Well, we joined this fellow's management group and attended our first meeting yesterday in Dubbo (the largest regional centre in the central west of the state). It's called Edge Management and it was started by a group of innovative farmers in 1992. It has around 30 farm families as members, divided into 5 or 6 "boards". Each board acts as a peer advisory panel for each member. They hold 4 meetings a year, at which each member presents their business plans and reports on progress, seeks advice or ideas from their peers, and swaps stories. Board members often become close friends. You're never working with people from your own district and there is strict confidentiality. The sessions are facilitated by experienced facilitators, in our case David Duffy and Jenny Webber.

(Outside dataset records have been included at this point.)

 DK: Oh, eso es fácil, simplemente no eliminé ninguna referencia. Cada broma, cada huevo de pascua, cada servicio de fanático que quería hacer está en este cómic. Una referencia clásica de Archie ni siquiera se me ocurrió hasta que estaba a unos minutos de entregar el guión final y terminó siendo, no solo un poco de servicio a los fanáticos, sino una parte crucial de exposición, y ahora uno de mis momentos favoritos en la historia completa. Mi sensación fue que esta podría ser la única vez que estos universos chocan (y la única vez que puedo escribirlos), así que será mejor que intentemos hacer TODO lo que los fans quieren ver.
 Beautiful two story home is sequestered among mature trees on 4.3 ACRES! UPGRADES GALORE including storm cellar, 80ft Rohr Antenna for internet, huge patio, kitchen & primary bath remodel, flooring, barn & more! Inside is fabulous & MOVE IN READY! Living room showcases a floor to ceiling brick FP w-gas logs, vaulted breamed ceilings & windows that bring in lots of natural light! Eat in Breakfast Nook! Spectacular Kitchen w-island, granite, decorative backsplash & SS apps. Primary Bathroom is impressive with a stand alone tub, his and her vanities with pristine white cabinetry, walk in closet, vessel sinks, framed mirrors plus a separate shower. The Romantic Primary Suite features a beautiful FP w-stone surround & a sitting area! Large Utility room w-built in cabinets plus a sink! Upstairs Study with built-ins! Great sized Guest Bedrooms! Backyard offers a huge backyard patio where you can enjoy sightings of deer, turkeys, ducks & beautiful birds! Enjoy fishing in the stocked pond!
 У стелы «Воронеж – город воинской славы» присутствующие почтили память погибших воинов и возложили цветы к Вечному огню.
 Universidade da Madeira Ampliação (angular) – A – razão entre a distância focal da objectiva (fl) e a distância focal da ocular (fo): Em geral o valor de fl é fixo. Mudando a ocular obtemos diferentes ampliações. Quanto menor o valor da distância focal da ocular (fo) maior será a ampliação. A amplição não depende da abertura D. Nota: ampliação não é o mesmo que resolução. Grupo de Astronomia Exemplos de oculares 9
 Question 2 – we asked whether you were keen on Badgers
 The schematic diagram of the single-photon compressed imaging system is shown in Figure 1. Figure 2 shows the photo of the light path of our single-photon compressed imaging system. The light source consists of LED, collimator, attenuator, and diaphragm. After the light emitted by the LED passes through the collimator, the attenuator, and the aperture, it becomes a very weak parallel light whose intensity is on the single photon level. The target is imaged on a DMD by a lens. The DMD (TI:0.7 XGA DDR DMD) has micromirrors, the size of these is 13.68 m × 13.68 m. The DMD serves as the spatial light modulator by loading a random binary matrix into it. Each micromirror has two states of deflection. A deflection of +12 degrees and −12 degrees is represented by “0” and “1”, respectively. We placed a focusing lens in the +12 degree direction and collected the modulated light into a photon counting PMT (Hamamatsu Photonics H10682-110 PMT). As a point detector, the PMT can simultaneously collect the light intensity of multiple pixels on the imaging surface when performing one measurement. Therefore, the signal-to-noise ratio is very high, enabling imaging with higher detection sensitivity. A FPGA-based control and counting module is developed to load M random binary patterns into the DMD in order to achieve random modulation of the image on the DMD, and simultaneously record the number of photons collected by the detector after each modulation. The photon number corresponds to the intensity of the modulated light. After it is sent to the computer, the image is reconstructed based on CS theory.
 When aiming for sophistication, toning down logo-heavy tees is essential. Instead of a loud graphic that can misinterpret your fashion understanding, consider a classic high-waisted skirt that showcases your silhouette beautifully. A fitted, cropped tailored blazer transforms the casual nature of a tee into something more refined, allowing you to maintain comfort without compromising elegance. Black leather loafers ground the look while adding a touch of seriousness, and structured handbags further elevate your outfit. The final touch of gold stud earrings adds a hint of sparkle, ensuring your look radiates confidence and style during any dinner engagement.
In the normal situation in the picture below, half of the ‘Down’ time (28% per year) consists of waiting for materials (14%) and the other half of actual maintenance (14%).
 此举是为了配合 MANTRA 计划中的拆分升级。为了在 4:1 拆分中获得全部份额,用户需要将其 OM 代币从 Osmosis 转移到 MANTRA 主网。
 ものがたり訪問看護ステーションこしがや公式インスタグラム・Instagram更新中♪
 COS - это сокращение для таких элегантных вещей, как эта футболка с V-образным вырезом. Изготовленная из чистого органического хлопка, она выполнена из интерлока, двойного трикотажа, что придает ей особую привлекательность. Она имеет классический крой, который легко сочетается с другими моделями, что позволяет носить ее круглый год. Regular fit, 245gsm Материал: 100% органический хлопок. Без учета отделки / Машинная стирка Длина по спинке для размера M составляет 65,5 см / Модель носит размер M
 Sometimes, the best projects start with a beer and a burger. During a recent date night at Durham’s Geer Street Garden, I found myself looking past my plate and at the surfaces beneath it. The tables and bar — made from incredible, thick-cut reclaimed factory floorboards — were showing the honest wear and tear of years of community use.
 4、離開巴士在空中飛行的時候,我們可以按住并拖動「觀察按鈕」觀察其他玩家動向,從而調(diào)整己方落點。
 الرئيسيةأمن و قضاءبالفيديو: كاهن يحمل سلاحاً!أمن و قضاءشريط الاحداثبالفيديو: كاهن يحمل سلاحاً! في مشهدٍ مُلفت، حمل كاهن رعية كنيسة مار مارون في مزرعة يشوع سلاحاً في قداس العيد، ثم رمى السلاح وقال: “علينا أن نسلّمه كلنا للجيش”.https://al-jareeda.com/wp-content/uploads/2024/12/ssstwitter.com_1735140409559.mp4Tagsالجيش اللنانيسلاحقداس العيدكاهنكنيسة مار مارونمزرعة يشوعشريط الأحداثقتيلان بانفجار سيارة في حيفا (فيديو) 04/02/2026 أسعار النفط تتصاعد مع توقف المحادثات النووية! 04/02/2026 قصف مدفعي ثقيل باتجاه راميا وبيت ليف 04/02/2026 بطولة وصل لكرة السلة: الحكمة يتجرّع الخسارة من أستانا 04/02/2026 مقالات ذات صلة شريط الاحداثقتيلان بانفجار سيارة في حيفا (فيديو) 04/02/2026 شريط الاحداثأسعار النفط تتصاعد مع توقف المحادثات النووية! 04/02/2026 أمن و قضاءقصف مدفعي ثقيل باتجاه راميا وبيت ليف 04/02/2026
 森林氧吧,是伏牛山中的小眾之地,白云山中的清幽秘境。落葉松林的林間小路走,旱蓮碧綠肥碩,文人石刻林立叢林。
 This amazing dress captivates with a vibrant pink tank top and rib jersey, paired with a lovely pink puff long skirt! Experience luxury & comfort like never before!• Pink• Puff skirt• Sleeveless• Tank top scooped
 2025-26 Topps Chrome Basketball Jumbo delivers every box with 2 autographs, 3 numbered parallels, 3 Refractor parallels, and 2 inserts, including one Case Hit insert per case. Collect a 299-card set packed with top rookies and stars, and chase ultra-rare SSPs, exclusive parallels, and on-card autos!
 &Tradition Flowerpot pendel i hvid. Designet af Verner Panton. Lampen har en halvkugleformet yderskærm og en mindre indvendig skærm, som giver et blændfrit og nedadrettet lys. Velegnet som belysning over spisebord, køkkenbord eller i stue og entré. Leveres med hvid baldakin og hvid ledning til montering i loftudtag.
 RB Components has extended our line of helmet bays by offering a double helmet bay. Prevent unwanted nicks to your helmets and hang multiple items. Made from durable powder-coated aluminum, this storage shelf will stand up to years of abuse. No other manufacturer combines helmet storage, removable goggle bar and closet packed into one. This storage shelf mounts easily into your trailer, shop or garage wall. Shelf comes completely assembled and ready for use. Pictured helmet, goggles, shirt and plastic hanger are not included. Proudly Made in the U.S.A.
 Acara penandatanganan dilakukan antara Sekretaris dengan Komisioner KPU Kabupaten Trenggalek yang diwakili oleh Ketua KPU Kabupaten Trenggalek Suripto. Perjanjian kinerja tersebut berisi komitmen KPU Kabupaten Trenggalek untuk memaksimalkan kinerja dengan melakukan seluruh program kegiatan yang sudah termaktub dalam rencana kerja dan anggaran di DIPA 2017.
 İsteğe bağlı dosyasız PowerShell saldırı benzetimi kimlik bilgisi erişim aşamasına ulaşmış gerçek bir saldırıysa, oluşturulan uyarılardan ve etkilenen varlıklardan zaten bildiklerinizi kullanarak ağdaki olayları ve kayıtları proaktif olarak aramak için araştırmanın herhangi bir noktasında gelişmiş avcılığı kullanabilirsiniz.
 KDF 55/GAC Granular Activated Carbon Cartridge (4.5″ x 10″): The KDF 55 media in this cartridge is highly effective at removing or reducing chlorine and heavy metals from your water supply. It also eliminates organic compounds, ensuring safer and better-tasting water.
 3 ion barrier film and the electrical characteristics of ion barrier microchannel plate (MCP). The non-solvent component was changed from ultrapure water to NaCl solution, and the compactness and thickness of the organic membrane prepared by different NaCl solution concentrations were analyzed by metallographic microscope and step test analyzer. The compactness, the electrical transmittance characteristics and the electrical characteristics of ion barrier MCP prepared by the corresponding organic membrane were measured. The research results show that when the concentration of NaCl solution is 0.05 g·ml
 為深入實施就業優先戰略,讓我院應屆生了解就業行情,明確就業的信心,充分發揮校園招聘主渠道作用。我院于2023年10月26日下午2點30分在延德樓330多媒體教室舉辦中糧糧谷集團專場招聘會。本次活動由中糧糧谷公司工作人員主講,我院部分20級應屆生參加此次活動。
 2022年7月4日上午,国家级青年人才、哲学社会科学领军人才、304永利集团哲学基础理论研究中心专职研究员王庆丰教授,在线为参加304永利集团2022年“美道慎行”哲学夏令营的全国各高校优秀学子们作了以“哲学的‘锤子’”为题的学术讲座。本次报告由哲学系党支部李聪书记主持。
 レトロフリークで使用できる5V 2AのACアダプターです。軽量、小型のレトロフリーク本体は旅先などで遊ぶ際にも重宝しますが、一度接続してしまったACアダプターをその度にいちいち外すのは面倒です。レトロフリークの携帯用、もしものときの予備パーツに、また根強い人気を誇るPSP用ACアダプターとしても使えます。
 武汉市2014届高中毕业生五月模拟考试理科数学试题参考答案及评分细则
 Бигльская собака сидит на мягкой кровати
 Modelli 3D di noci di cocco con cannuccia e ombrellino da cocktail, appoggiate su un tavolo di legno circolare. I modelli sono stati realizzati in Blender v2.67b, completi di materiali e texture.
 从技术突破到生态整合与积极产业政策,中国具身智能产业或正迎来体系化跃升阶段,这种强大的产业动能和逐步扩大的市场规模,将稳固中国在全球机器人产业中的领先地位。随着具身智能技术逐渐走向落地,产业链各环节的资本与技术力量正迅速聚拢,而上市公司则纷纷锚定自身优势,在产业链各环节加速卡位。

The Edge system is all about systems - there are systems for everything managerial, such as planning new enterprises, prioritising workloads, succession planning (bringing the kids into the business and then retiring) and the like.
Again, like the Catchment Management Authority farm systems training program we were selected for, the calibre of the people on our tentative "board" is stunning. These are "smarter-than-your-average-bear" farmers, Boo Boo. All of them have far larger properites than we do (which means nothing because you can't compare properties further out on the plains with those closer in on the tablelands like ours). But they are all successful and plugged in and professional. I hope some of that rubs off on us... we're freshmen in this farming game, nowhere near to turning a profit. (That's because we bought a run down property and are restoring it to optimum production - note: not maximum production. We are conservation farmers. We grow healthy soil, we don't mine it.)
The members of the group were selected via Myers-Briggs testing to get a good range of leaders, thinkers, carers and doers. (more of the personality tests in a later blog.)